The T-62 is a Soviet main battle tank introduced in 1961 as an interim design bridging the T-55 medium tank and advanced T-64/T-72 MBTs. Its defining feature was the U-5TS 115 mm smoothbore cannon, the world's first smoothbore tank gun to enter mass production. Over 20,000 T-62s were built, seeing extensive combat from the Six-Day War (1967) through recent conflicts in Syria and Ukraine.

Historical context

Development began in 1958 at Uralvagonzavod in response to Western tanks mounting increasingly heavy armor (British Centurion, American M48 Patton). The T-54/55's 100 mm rifled gun lacked sufficient armor penetration against 1960s-era heavy tanks. Chief designer Leonid Kartsev adapted the T-55 chassis with a larger turret ring to accommodate the powerful 115 mm U-5TS smoothbore gun.

The smoothbore design, developed by OKB-9 design bureau, eliminated rifling to fire fin-stabilized APFSDS (armor-piercing fin-stabilized discarding sabot) rounds at higher velocities. First production vehicles rolled off the line at Uralvagonzavod in 1961, with the T-62 entering service with Soviet tank divisions by 1962.

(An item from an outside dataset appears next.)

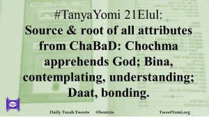 #TanyaYomi 21Elul: Source & root of all attributes from ChaBaD: Chochma apprehends God; Bina, contemplating, understanding; Daat, bonding.
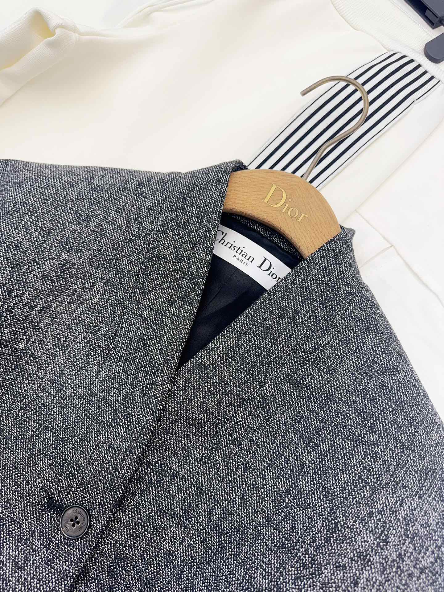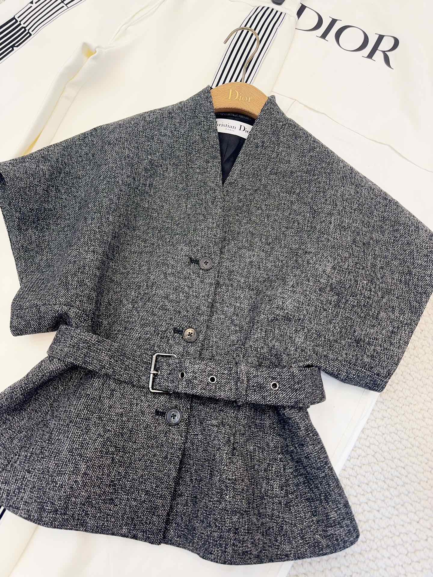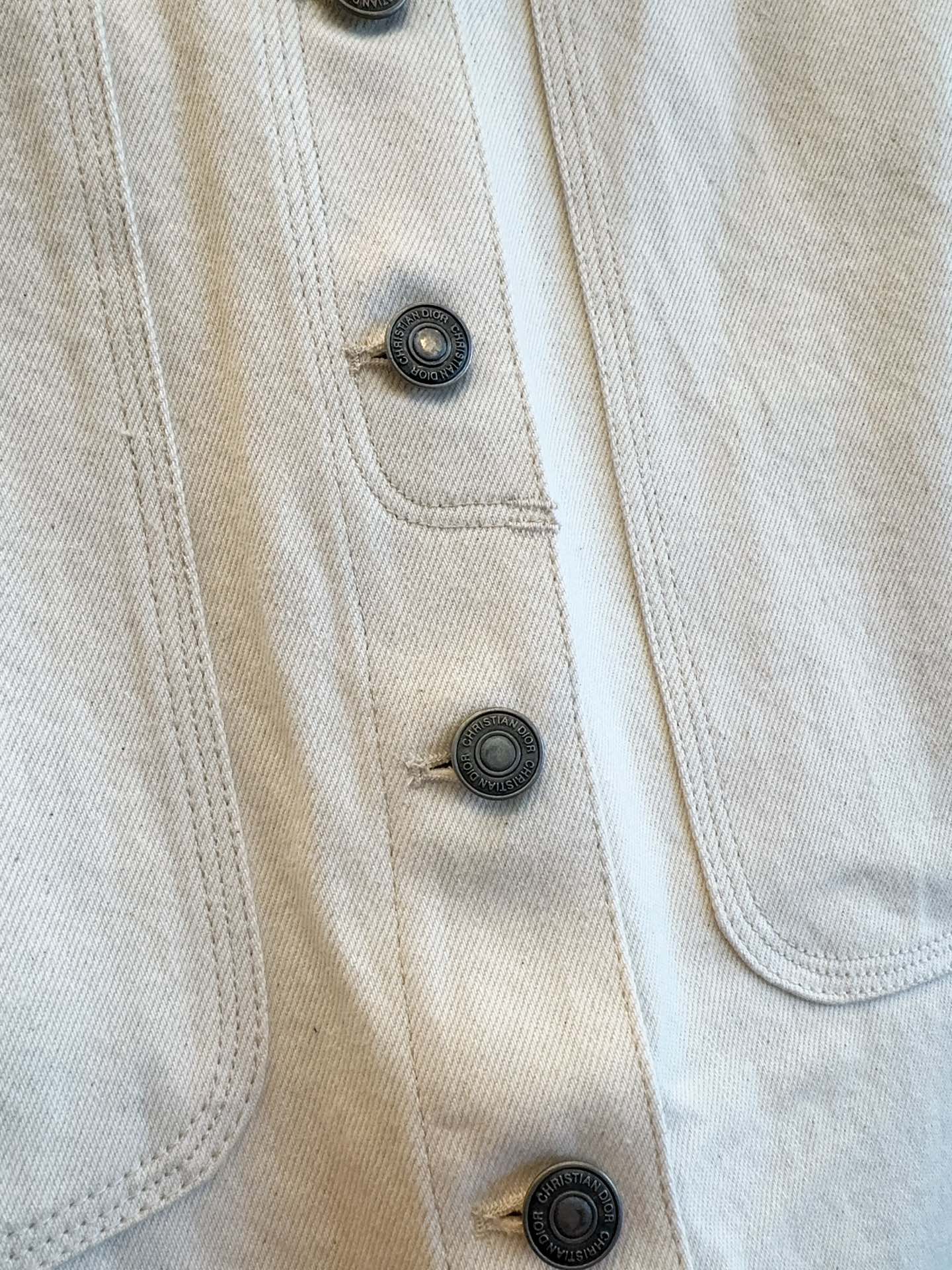 CD Round Neck Cardigan Jacket White Wool Cotton

The T-62 was intended as a stopgap until the revolutionary T-64 matured, but the T-64's technical problems delayed widespread deployment. Consequently, the T-62 remained in production until 1975 and served as the Soviet Army's primary MBT throughout the 1960s-1970s.

Specifications

Commonly cited specifications (T-62 Model 1972 baseline):

Dimensions:

  • Length (gun forward): 9.34 m (30 ft 8 in)
  • Hull length: 6.63 m (21 ft 9 in)
  • Width: 3.30 m (10 ft 10 in)
  • Height: 2.40 m (7 ft 10 in)
  • Ground clearance: 0.43 m (17 in)

Weights:

  • Combat weight: 40,000 kg (88,185 lb)
  • Power-to-weight ratio: 14.5 hp/ton

Armor:

  • Hull front: 102 mm at 60° (effective ~200 mm)
  • Turret front: 214 mm (centerline), 153 mm (gun mantlet)
  • Hull sides: 79 mm upper, 15 mm lower
  • Turret sides: 153 mm
  • Type: Cast steel turret, rolled homogeneous armor (RHA) hull

Powerplant:

  • Engine: V-55V 12-cylinder water-cooled diesel
  • Power: 580 hp (433 kW) at 2,000 rpm
  • Displacement: 38.88 L
  • Fuel capacity: 675 L internal + 285 L external drums
  • Transmission: Synchromesh 5-speed manual

Performance:

  • Maximum speed: 50 km/h (31 mph) on road
  • Reverse speed: 6-8 km/h (4-5 mph)
  • Range: 450 km (280 mi) internal fuel, 650 km (404 mi) with external drums
  • Fuel consumption: 1.5 L/km
  • Gradient: 60% (31°)
  • Side slope: 30% (17°)
  • Trench crossing: 2.85 m (9 ft 4 in)
  • Vertical obstacle: 0.8 m (2 ft 7 in)
  • Fording depth: 1.4 m (4 ft 7 in) unprepared, 5.5 m (18 ft) with snorkel

Armament:

Main gun: 2A20 115 mm smoothbore

  • Ammunition: 40 rounds (carousel autoloader + reserve stowage)
  • Fire rate: 4-5 rounds/min
  • Elevation: -6° to +16°
  • Stabilization: STP-2D two-plane stabilizer (gun and sight)
  • Effective range: 1,500-2,000 m direct fire

Ammunition types:

  • 3BM3 APFSDS: 290 mm penetration at 1,000 m
  • 3BM4 APFSDS: 330 mm penetration at 1,000 m (improved, 1970s)
  • 3BK4 HEAT: 450 mm penetration (vs. non-ERA targets)
  • 3OF11 HE-Frag: High-explosive fragmentation

Secondary weapons:

  • Coaxial: 7.62 mm PKT machine gun (2,500 rounds)
  • Anti-aircraft: 12.7 mm DShKM heavy machine gun (500 rounds, commander's cupola)

Crew:

  • Complement: 4 (commander, gunner, loader, driver)

Design characteristics

Smoothbore gun technology

The 115 mm U-5TS gun represented a major technological leap:

Advantages:

  • Higher velocity: Smoothbore eliminated projectile spin friction, achieving 1,615 m/s with APFSDS
  • Penetration: 3BM3 round could defeat 290 mm armor at 1,000 m (vs. 100 mm gun's 185 mm)
  • Barrel life: Longer service life without rifling wear
  • Future potential: Enabled development of advanced fin-stabilized munitions

Limitations:

  • HEAT performance: Smoothbore HEAT rounds less accurate than rifled equivalents at long range
  • HE accuracy: High-explosive rounds suffered dispersion beyond 1,500 m

Fire control

TShSM-41U sight: Coincidence rangefinder (optical), manual range estimation

STP-2D stabilizer: Two-plane stabilization enabling fire-on-the-move capability (though accuracy degraded significantly)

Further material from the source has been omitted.